Work order -> Everything from the line with "10일 오후 서울 중국" down to the line with "AntiknI srebrnI broš" below must be printed exactly, those two lines included. Exclude pictures.
--
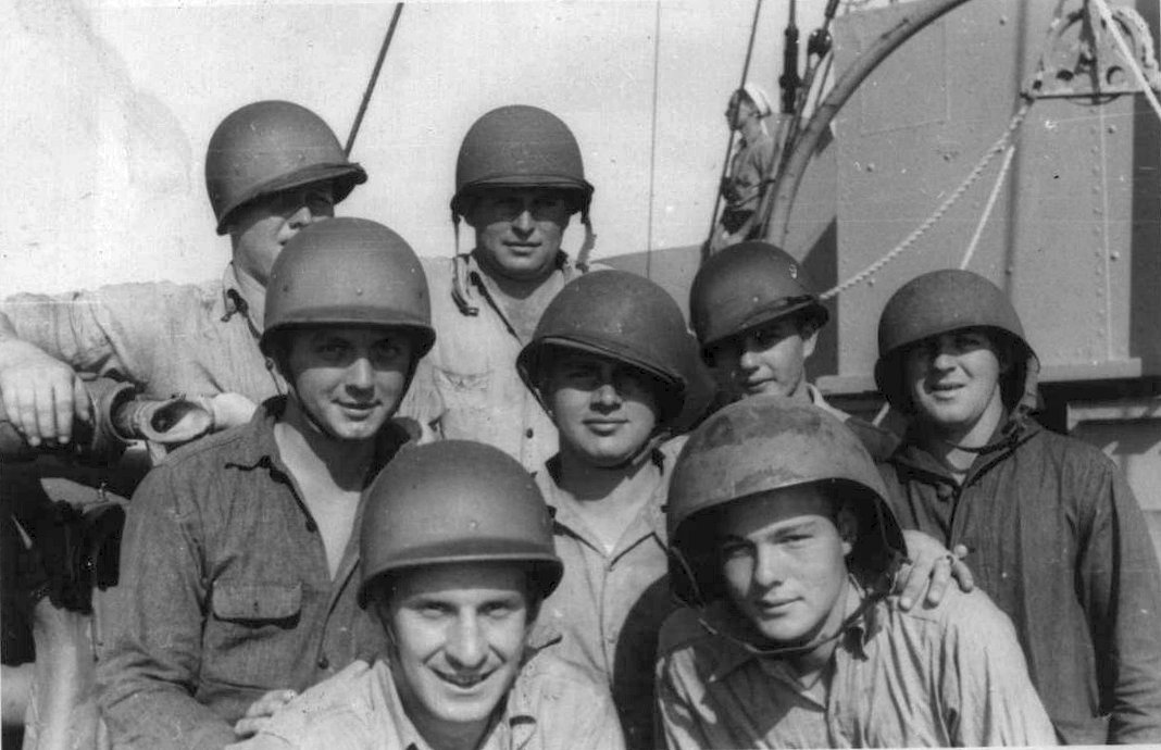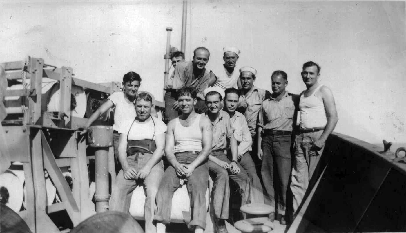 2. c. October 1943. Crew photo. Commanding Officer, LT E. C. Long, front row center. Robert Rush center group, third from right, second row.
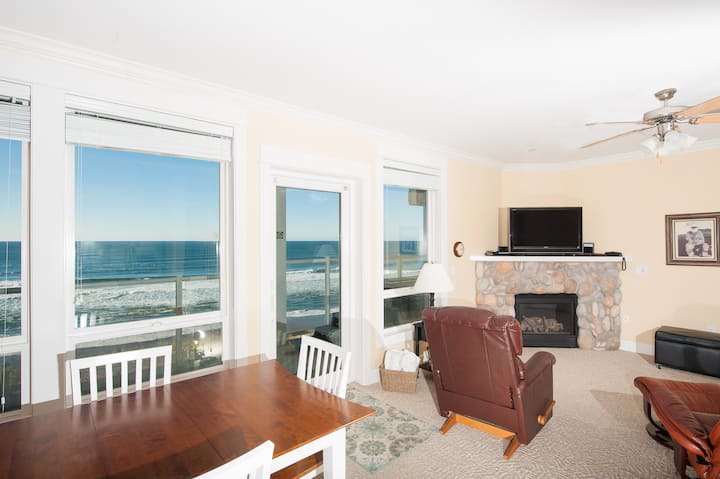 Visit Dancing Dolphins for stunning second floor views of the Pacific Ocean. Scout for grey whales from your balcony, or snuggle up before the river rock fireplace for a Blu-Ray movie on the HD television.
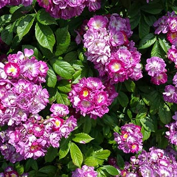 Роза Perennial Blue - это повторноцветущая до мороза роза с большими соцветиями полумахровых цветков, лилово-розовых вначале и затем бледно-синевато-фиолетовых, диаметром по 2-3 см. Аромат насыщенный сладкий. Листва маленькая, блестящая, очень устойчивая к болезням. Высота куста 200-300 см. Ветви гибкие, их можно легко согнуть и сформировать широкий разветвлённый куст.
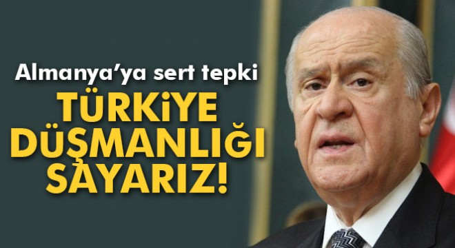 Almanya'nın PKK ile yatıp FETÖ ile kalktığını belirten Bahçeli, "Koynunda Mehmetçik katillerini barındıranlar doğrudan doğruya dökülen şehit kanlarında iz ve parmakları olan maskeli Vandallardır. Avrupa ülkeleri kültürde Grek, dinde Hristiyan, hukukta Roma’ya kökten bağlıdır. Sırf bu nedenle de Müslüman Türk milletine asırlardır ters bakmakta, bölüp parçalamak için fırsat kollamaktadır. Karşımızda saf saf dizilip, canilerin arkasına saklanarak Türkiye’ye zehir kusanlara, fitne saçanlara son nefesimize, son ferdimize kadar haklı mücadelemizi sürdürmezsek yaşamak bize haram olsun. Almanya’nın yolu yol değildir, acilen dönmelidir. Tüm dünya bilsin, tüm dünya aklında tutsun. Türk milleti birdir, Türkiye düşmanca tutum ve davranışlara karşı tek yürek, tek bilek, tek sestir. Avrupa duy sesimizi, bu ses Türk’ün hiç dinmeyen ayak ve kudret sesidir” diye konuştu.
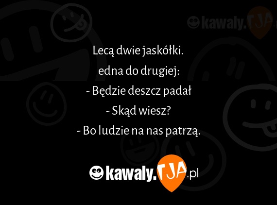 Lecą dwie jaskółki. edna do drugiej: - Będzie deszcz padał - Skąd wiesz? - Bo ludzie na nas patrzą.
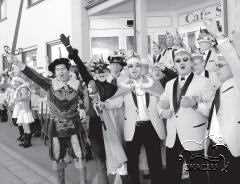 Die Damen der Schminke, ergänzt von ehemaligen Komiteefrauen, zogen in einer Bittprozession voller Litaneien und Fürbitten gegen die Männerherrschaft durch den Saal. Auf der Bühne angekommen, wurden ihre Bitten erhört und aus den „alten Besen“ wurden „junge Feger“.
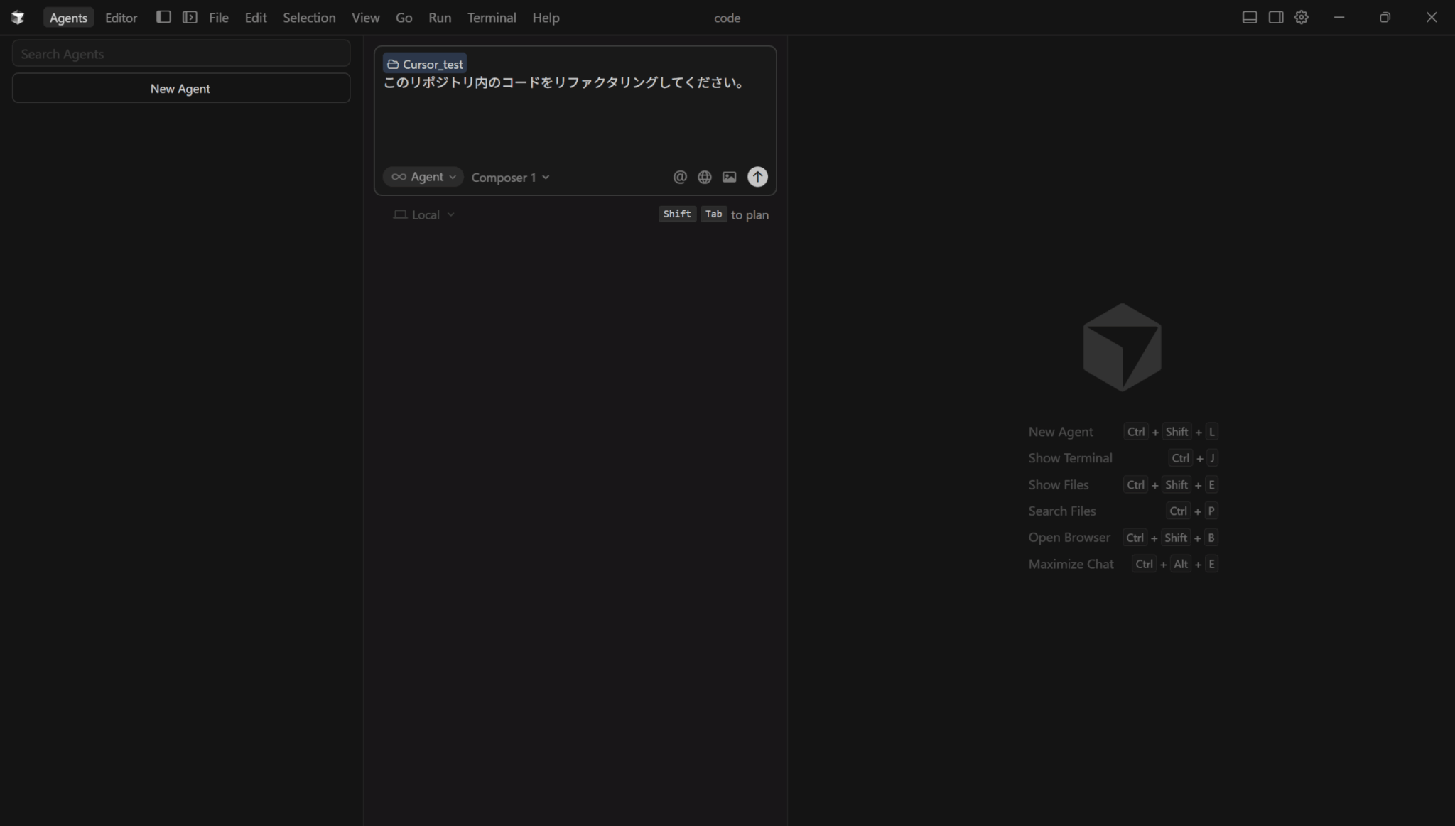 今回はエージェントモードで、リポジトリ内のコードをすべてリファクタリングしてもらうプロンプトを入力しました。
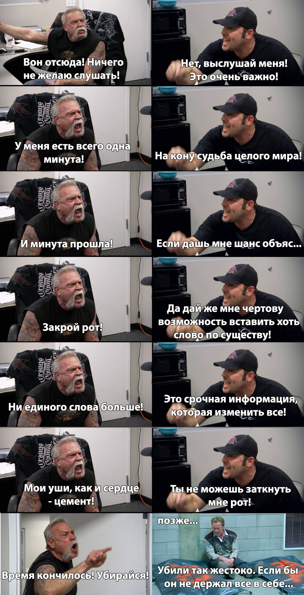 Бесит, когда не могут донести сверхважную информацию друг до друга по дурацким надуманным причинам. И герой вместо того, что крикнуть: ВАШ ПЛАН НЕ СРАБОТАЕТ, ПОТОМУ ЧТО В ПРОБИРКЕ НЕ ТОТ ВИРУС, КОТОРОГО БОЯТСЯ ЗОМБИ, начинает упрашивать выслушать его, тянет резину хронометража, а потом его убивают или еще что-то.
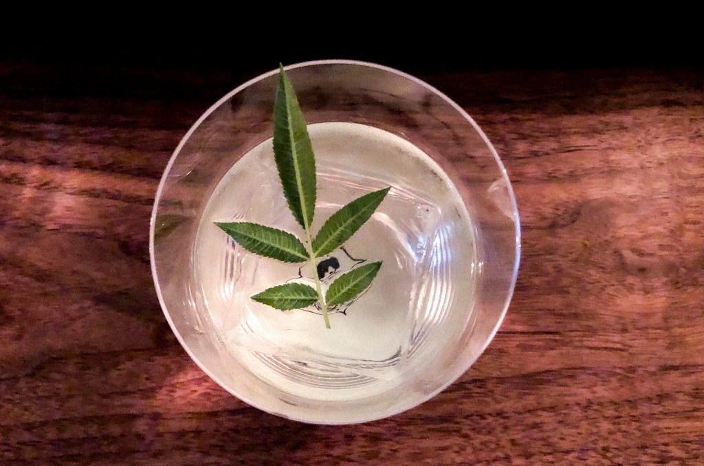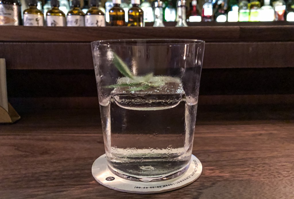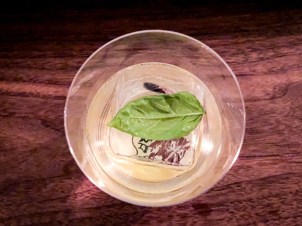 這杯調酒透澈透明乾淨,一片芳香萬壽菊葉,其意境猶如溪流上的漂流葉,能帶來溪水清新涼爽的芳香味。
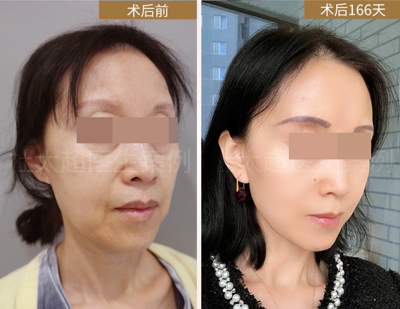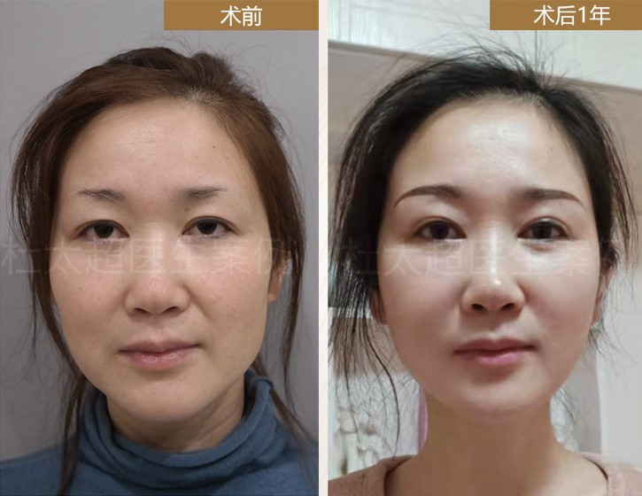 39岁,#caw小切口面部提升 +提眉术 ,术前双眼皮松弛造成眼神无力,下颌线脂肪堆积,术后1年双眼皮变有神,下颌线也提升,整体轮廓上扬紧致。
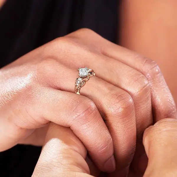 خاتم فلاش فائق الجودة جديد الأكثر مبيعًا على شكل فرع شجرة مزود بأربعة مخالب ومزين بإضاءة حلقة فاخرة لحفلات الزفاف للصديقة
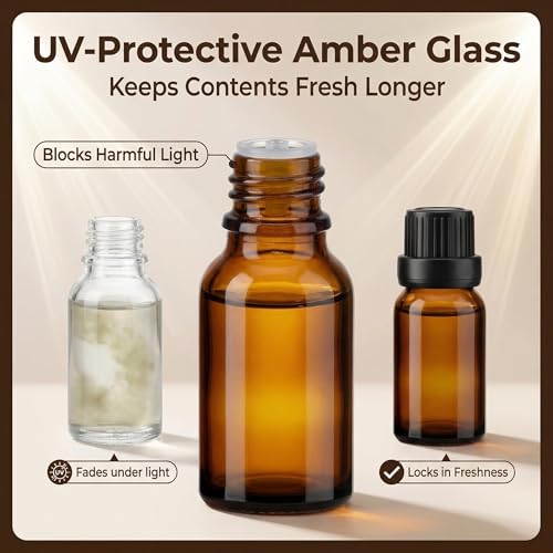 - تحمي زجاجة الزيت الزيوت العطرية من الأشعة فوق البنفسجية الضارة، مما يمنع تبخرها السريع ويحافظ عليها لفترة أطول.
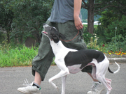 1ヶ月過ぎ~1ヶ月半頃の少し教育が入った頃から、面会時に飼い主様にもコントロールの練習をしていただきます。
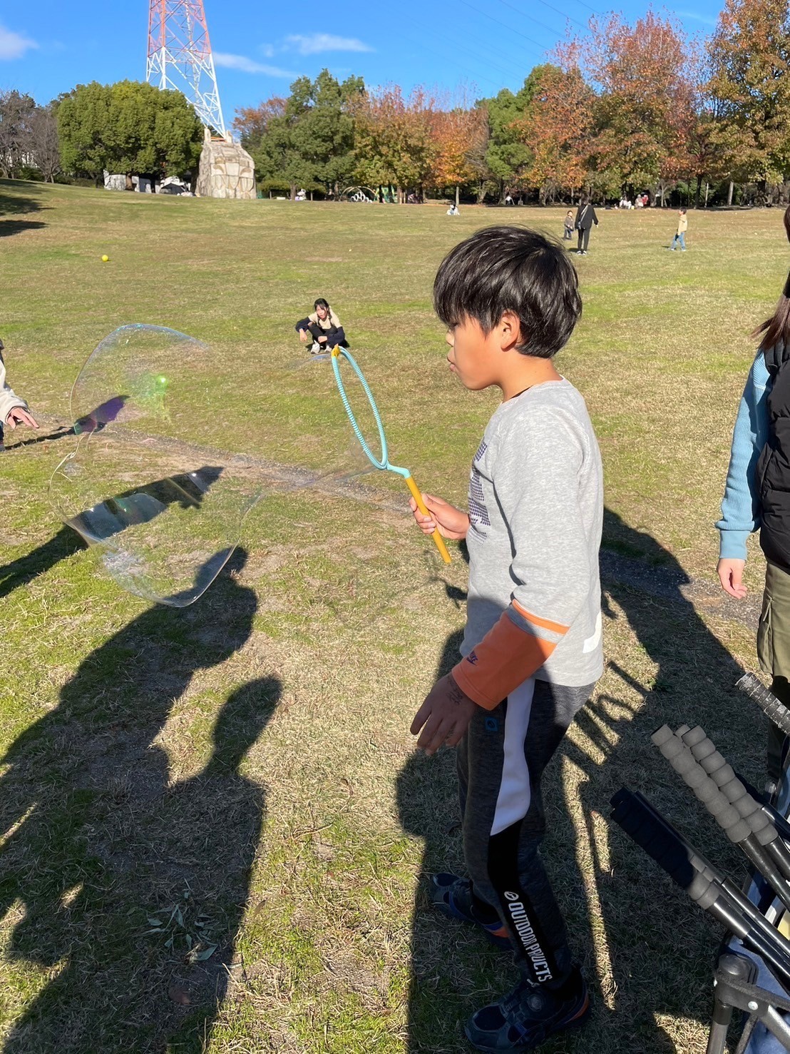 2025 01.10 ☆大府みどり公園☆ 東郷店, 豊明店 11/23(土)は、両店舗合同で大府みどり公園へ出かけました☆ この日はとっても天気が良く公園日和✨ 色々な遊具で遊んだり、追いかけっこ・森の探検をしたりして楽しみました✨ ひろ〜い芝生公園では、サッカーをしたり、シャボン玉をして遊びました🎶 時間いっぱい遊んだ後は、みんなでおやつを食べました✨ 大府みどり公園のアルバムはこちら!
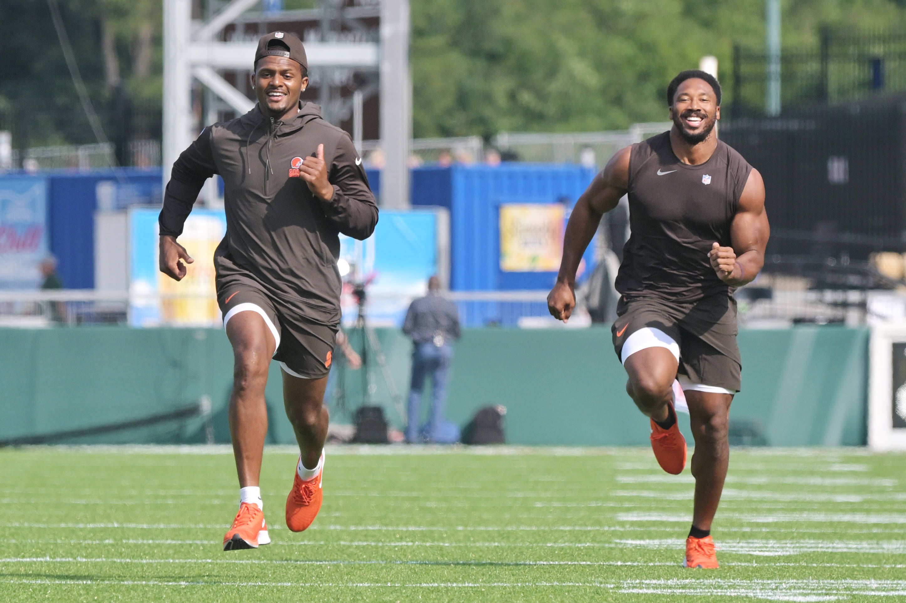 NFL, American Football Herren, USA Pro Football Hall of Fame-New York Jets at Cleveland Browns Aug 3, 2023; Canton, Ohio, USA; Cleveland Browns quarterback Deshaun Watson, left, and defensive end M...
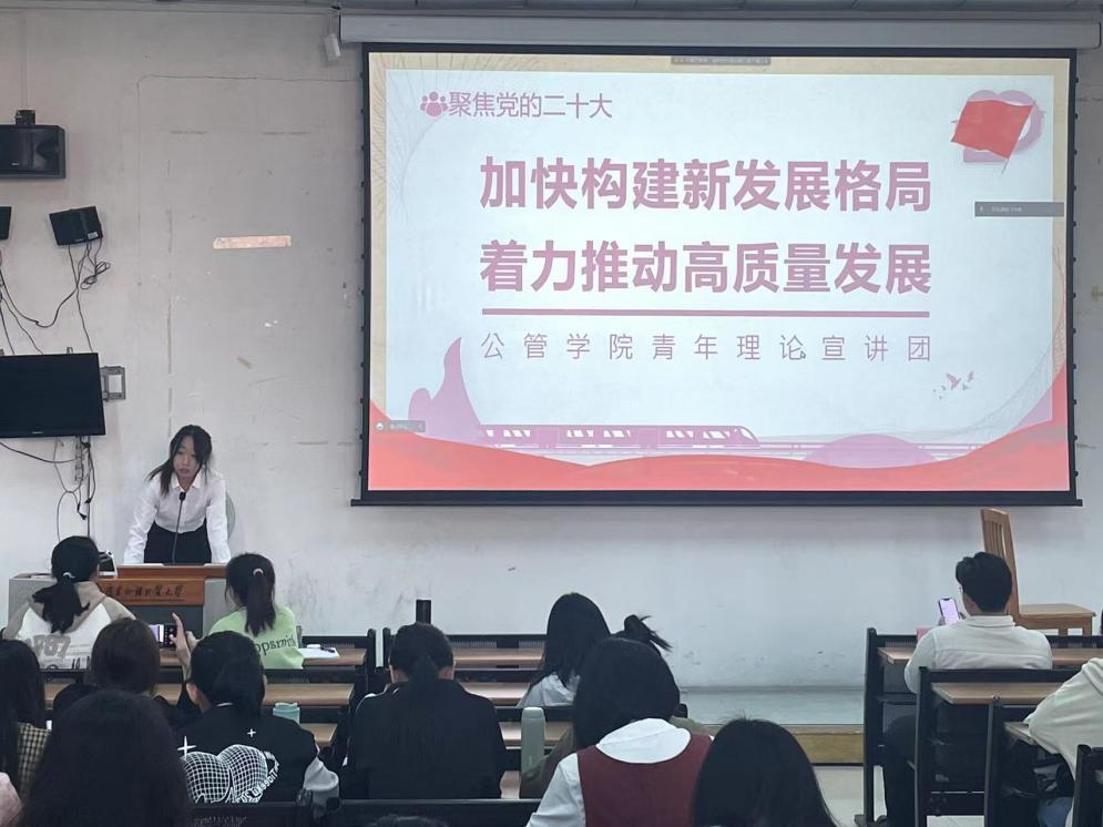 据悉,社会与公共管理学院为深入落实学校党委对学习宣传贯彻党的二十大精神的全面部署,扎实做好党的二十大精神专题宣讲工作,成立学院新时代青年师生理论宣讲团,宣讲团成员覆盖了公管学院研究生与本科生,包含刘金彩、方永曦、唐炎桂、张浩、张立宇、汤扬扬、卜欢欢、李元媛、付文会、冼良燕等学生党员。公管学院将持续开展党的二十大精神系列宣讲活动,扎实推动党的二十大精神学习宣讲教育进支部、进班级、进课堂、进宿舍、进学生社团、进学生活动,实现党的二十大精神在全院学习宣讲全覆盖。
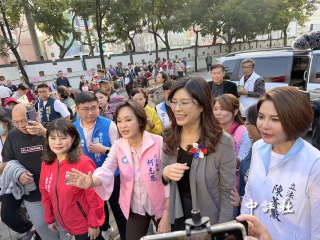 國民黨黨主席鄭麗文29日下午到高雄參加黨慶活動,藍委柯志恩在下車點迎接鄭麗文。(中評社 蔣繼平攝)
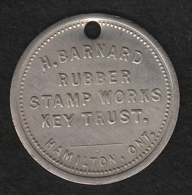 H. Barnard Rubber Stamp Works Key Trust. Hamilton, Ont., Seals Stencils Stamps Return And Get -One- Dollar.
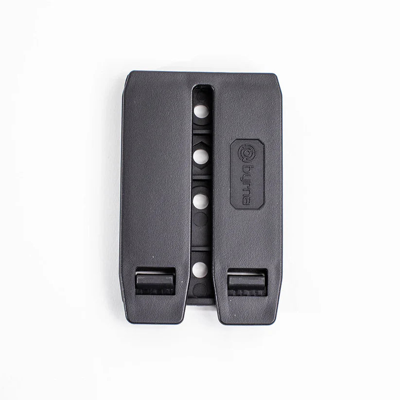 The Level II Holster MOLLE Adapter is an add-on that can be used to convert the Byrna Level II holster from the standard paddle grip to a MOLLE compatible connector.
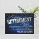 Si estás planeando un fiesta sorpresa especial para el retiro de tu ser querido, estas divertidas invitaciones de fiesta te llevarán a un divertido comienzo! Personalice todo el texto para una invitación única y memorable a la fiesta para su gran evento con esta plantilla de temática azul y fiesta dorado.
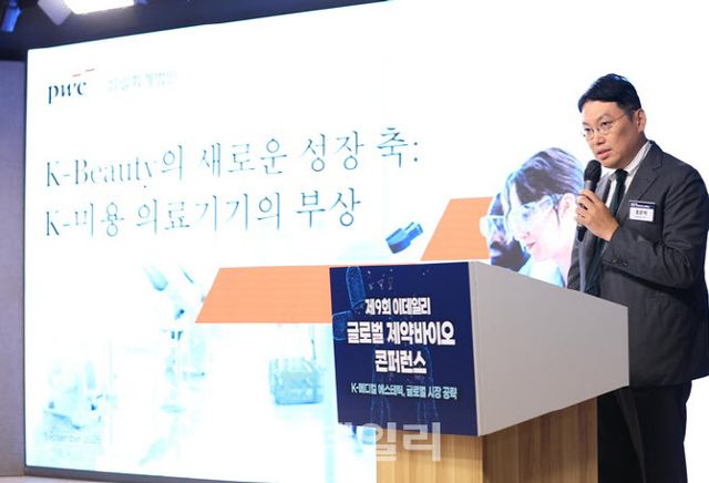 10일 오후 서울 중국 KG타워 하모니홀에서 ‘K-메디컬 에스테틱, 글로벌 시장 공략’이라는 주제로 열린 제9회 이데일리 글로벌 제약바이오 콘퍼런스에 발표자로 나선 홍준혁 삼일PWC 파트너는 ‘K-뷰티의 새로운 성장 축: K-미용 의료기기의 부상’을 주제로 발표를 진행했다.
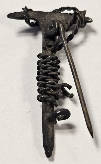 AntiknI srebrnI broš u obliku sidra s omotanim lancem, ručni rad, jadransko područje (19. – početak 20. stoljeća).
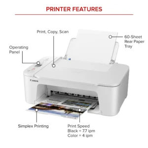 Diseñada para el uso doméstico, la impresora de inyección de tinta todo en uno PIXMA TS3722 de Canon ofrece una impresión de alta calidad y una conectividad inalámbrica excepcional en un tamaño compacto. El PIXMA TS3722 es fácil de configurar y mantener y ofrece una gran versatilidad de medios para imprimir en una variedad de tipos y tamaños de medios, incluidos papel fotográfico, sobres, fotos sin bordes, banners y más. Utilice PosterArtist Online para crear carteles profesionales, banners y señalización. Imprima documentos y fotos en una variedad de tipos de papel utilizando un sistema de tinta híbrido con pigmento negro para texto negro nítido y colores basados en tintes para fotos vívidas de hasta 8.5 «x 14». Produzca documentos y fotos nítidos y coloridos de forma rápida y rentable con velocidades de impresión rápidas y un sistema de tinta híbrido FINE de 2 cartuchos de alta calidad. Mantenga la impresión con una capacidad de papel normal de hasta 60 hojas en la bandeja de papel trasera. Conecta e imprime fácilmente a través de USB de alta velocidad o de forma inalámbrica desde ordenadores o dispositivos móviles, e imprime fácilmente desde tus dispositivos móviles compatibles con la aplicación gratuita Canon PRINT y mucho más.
--
Output for this exercise ->
 10일 오후 서울 중국 KG타워 하모니홀에서 ‘K-메디컬 에스테틱, 글로벌 시장 공략’이라는 주제로 열린 제9회 이데일리 글로벌 제약바이오 콘퍼런스에 발표자로 나선 홍준혁 삼일PWC 파트너는 ‘K-뷰티의 새로운 성장 축: K-미용 의료기기의 부상’을 주제로 발표를 진행했다.
 AntiknI srebrnI broš u obliku sidra s omotanim lancem, ručni rad, jadransko područje (19. – početak 20. stoljeća).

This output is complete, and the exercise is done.